Task goal: Verbatim copy without images: return all of the data as it stands.

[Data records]
....................

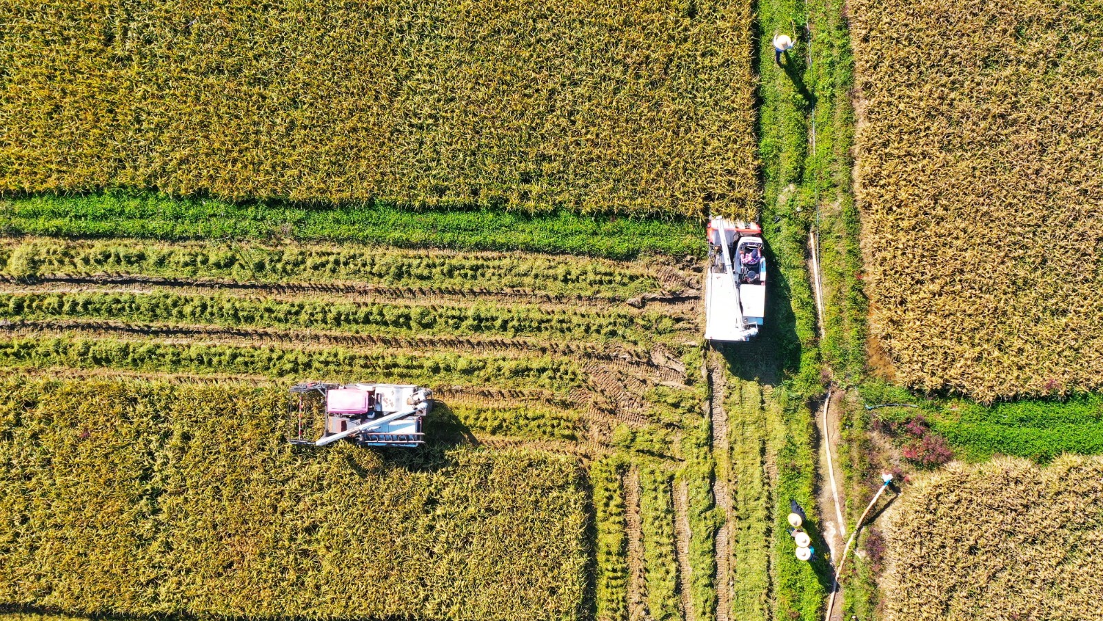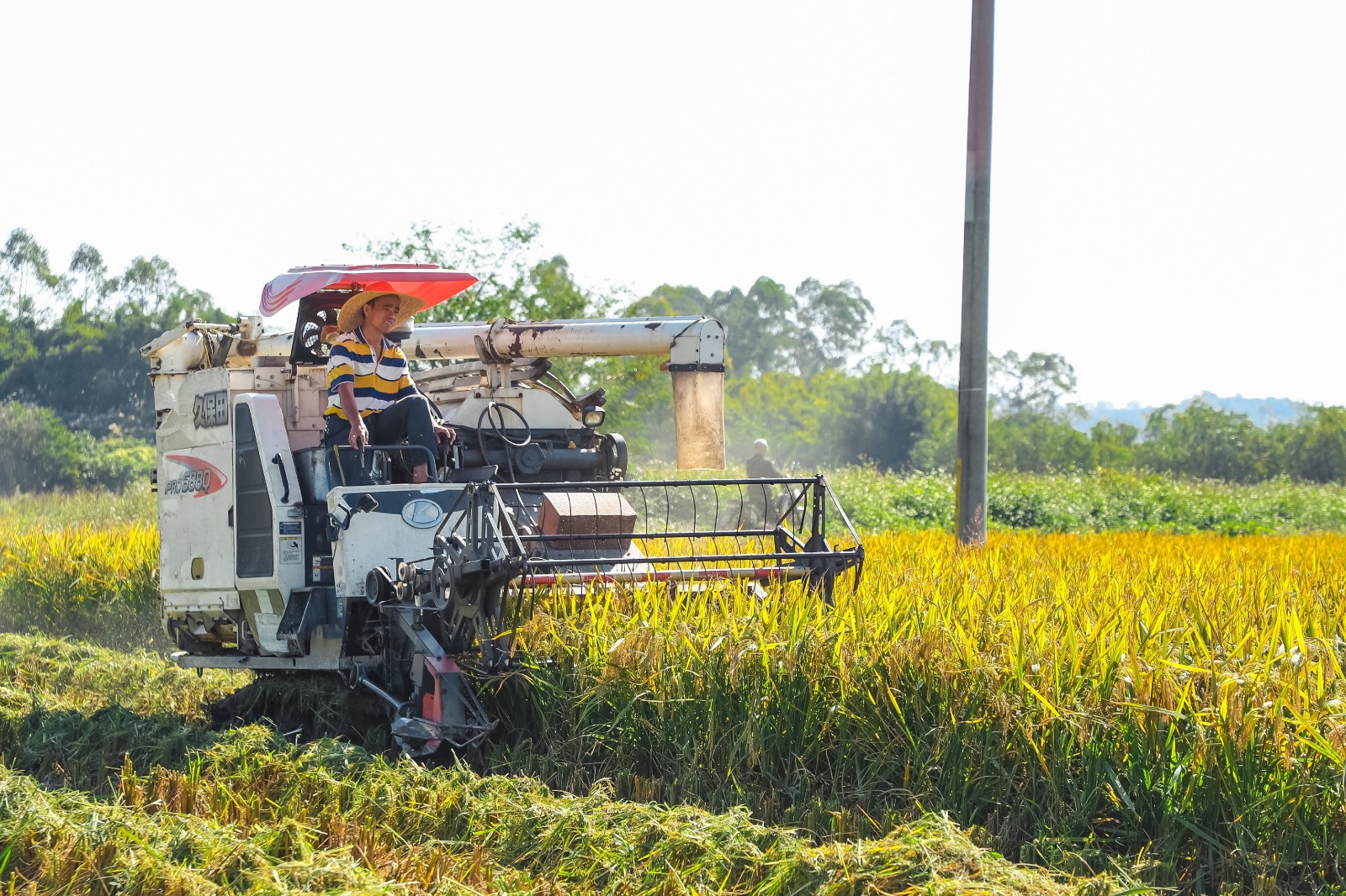 測產現場,收割機正在收割晚稻。肖昆華 攝
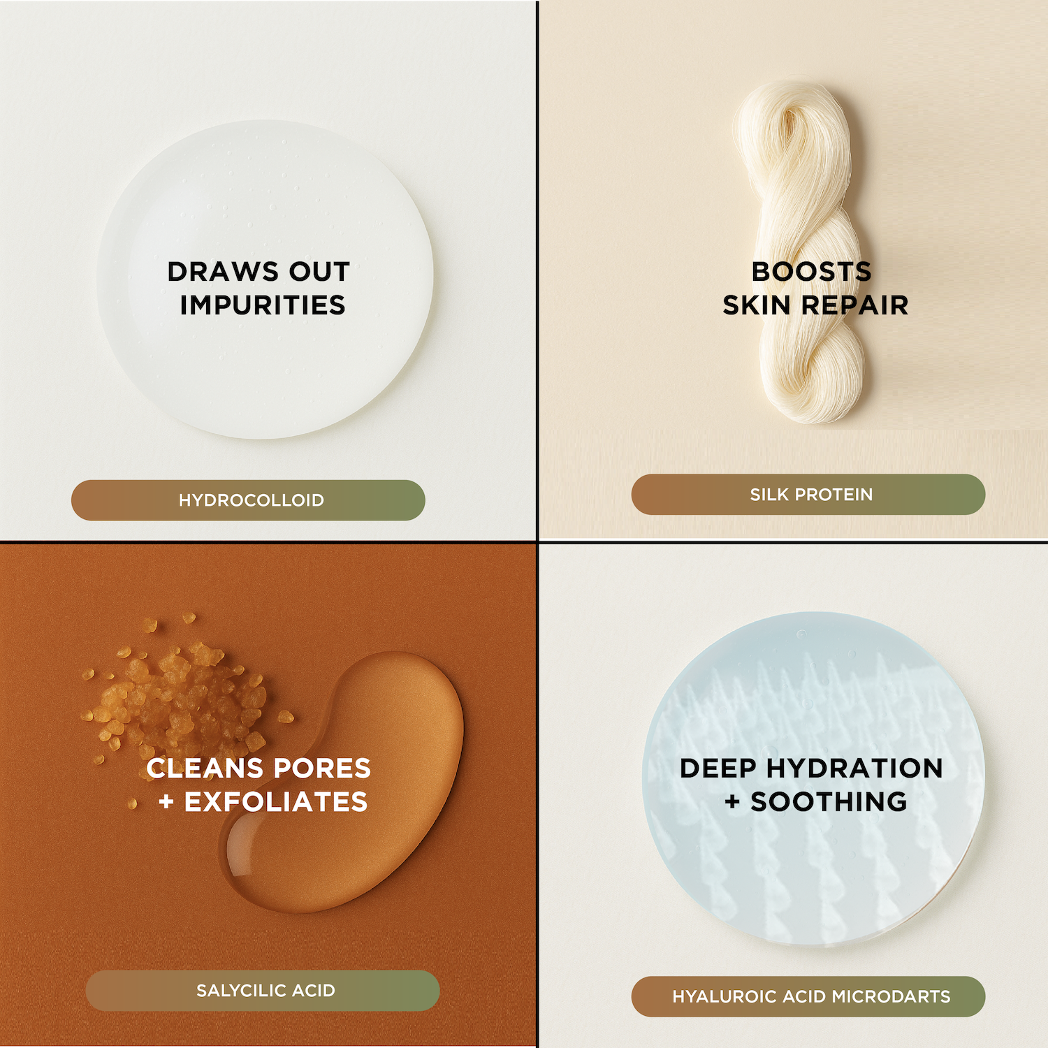 - Fast, visible results: Hydrocolloid technology absorbs impurities overnight and flattens blemishes by morning.
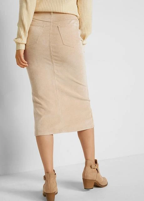 Jupe En Velours Côtelé Extensible Longueur Midi
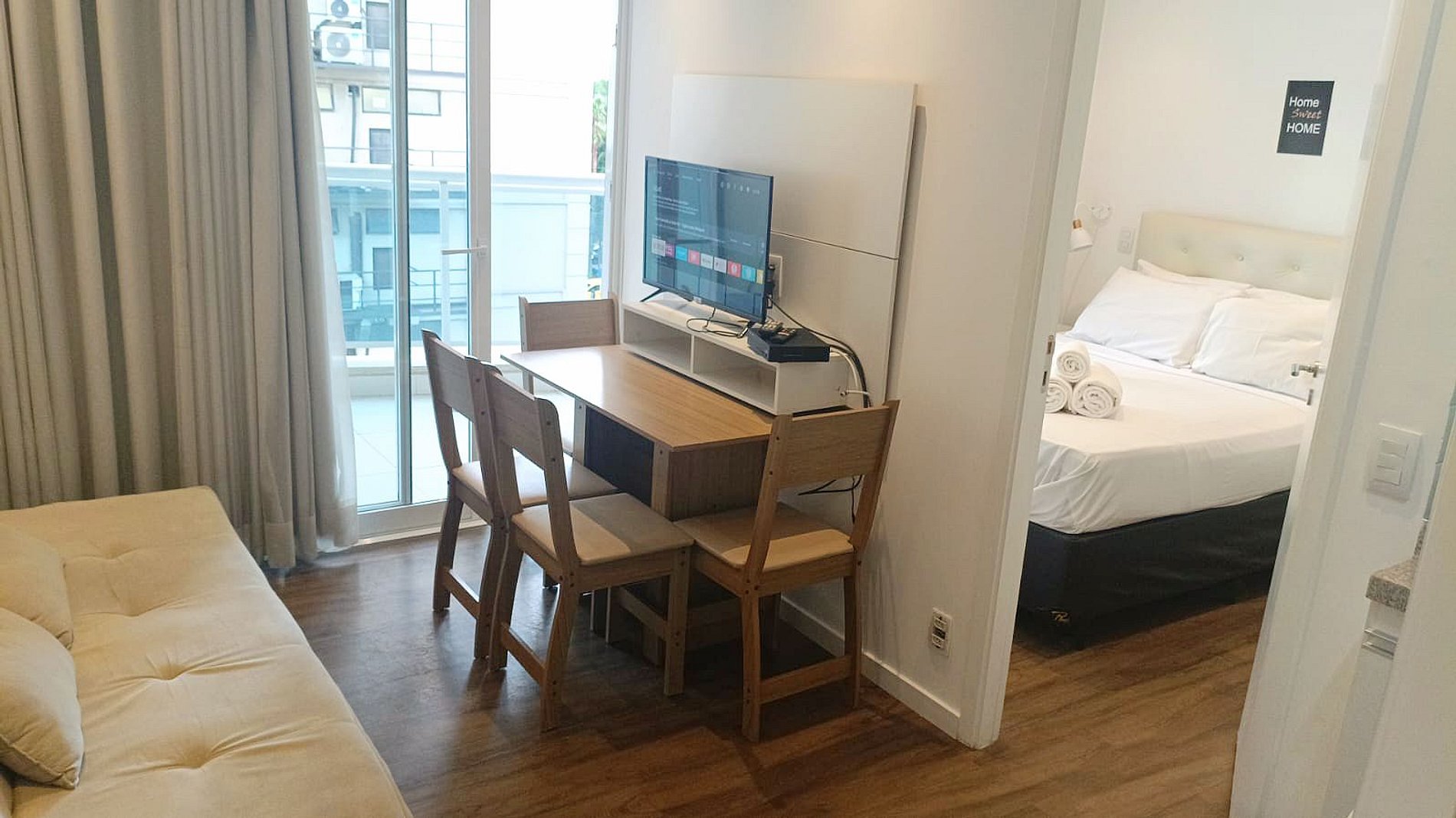 Apartamento de 1 dormitório com Sofá cama disponível para seu conforto e praticidade. Imagine um lugar onde o design contemporâneo encontra o aconchego de um lar, criando o cenário perfeito para sua viagem a São Paulo.
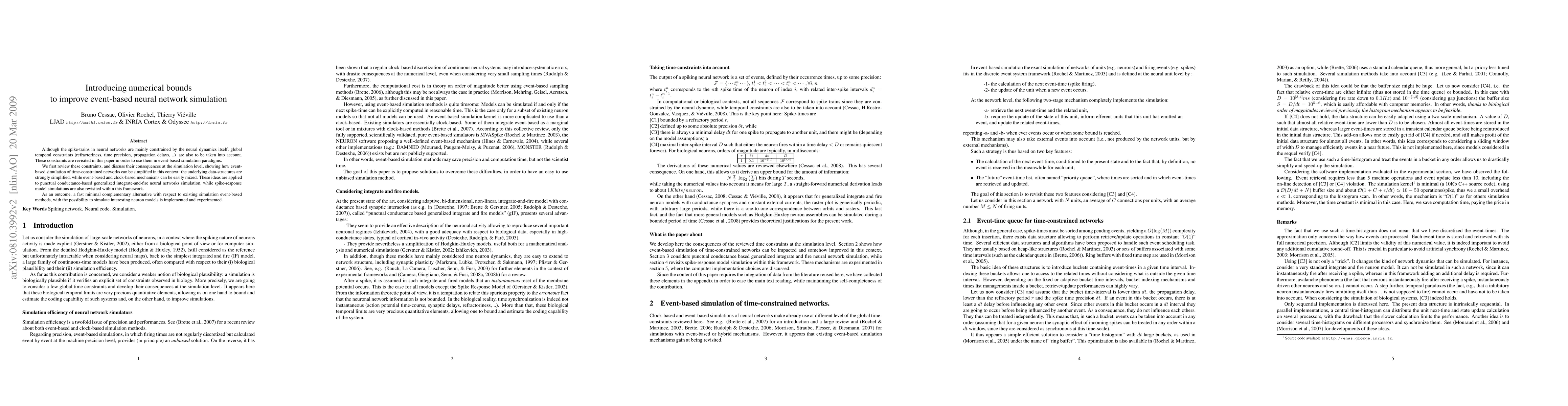 This paper introduces numerical bounds to enhance event-based neural network simulations by considering global temporal constraints like refractoriness and propagation delays. The proposed method simplifies data structures and allows for the integration of event-based and clock-based mechanisms, leading to a fast, minimal alternative for simulating conductance-based neural networks.
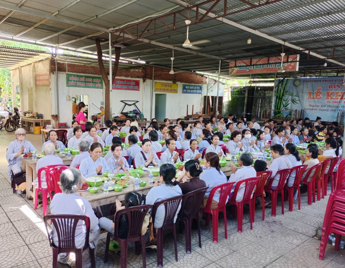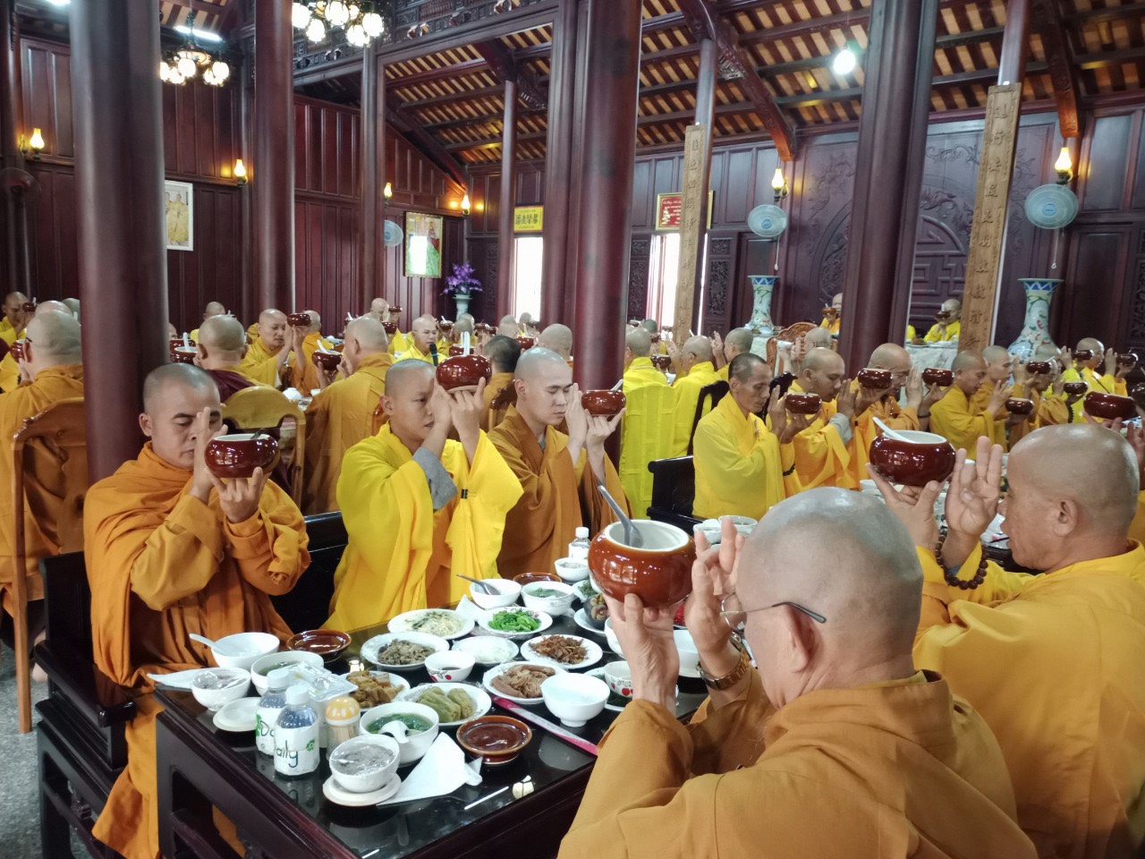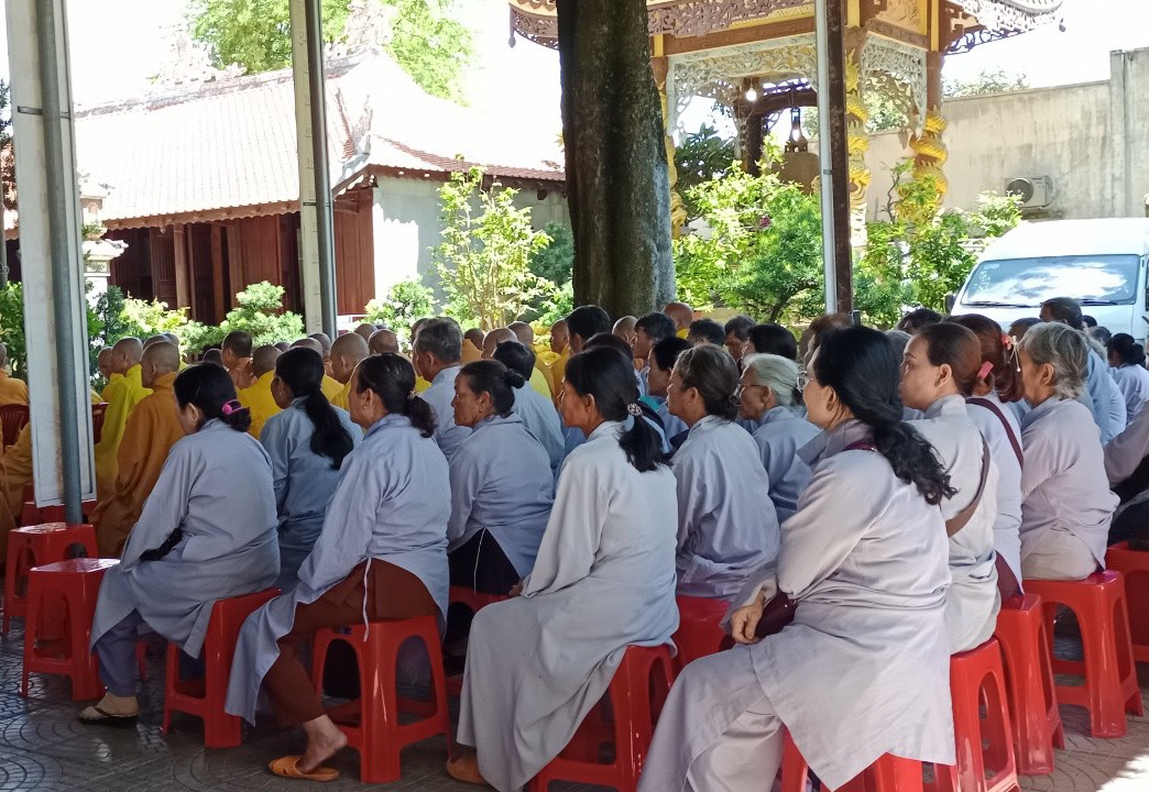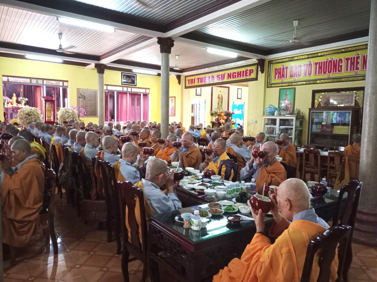 Trong kỳ Bố-tát này các tự viện cùng chư Tăng Ni trong huyện đã phát tâm cúng dường trai phạn cho đại chúng. Toàn thể chư Tôn đức Tăng Ni cùng quý Phật tử thực hiện nghi thức quá đường và thọ trai trong niềm hoan hỷ.
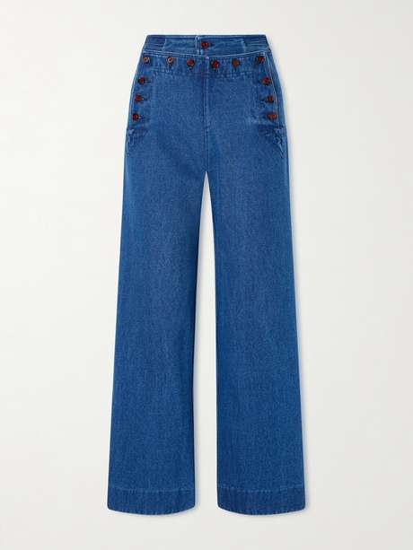 BODE's jeans reference traditional sailor uniforms – they button in just the same way. Made from denim, they have a wide-leg shape and a high-rise waist.

....................

Output for this exercise:
 測產現場,收割機正在收割晚稻。肖昆華 攝
 - Fast, visible results: Hydrocolloid technology absorbs impurities overnight and flattens blemishes by morning.
 Jupe En Velours Côtelé Extensible Longueur Midi
 Apartamento de 1 dormitório com Sofá cama disponível para seu conforto e praticidade. Imagine um lugar onde o design contemporâneo encontra o aconchego de um lar, criando o cenário perfeito para sua viagem a São Paulo.
 This paper introduces numerical bounds to enhance event-based neural network simulations by considering global temporal constraints like refractoriness and propagation delays. The proposed method simplifies data structures and allows for the integration of event-based and clock-based mechanisms, leading to a fast, minimal alternative for simulating conductance-based neural networks.
 Trong kỳ Bố-tát này các tự viện cùng chư Tăng Ni trong huyện đã phát tâm cúng dường trai phạn cho đại chúng. Toàn thể chư Tôn đức Tăng Ni cùng quý Phật tử thực hiện nghi thức quá đường và thọ trai trong niềm hoan hỷ.
 BODE's jeans reference traditional sailor uniforms – they button in just the same way. Made from denim, they have a wide-leg shape and a high-rise waist.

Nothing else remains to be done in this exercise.